Coventry Patmore, by Sargent. 1894.

Coventry Patmore would have hailed Francis Thompson as his peer in poetry: and the contrast between the two was startling. Poor Francis Thompson, so simple, so human, so humble, never crushing one with the air of being immortal to one’s mortality; and the arrogant, overbearing old poet, whose presence in the room was like a frost to those he did not honour.

Patmore was somewhat wild in his obiter dicta. He would talk to few people and listen to few people; but he would talk to and listen to Francis Thompson by the hour.
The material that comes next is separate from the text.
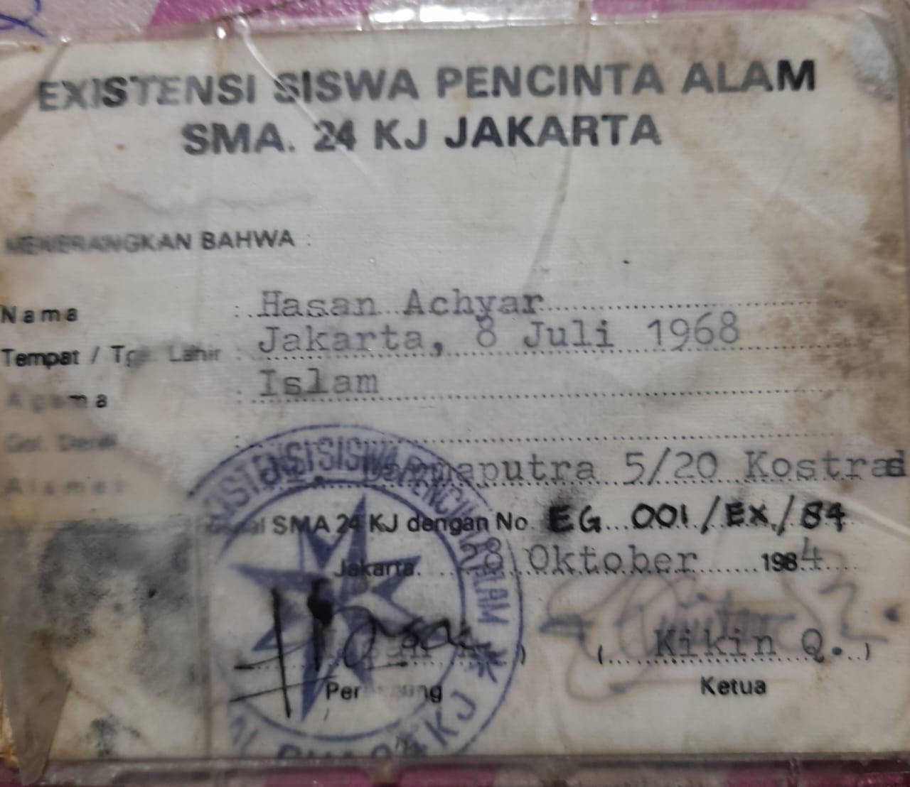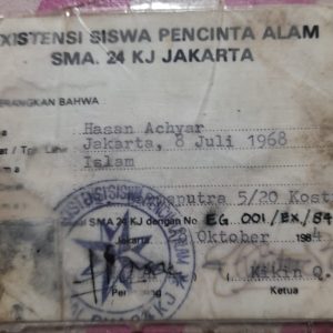 Hasan Achyar, atau yang akrab disapa entol, membawa serta KTA Exispal 24KJ bernomor EG/001/EX/84 kemanapun dia pergi. KTA itu bahkan sudah keliling dunia saat dirinya menjadi anak buah kapal. Jelajah hidupnya adalah spirit yang tertanam di KTA Exispal 24KJ. Entah sudah berapa gunung dia daki. Semua telah menjadi cerita manis yang kelak bisa dia kisahkan ke anak cucu.

I remember to have heard him say that Francis Thompson talked better than he wrote, and that his prose was better than his poetry, both sayings no doubt obviously extravagant; for Patmore was violently generous to the younger poet, as was his way once he was stirred to admiration. On the appearance of “Poems,” he wrote in the FORTNIGHTLY REVIEW an article which welcomed Francis Thompson into the band of the elect.

I can imagine nothing stranger than to see these two as companions—Francis Thompson as I have described him, Patmore with his manner of a cold and lofty arrogance which Sargent has caught so wonderfully in his great portrait. Sargent, that tremendous painter of character, has painted Patmore eight feet high, or that is the impression the portrait gives. He was not really above the common height, but for one whom he dismayed he might have been as high as the mountains—and casting a very cold shadow. With Patmore one was within the circle or one was not; outside the circle no one existed. It was the oddest thing to think of Francis Thompson within his sanctities.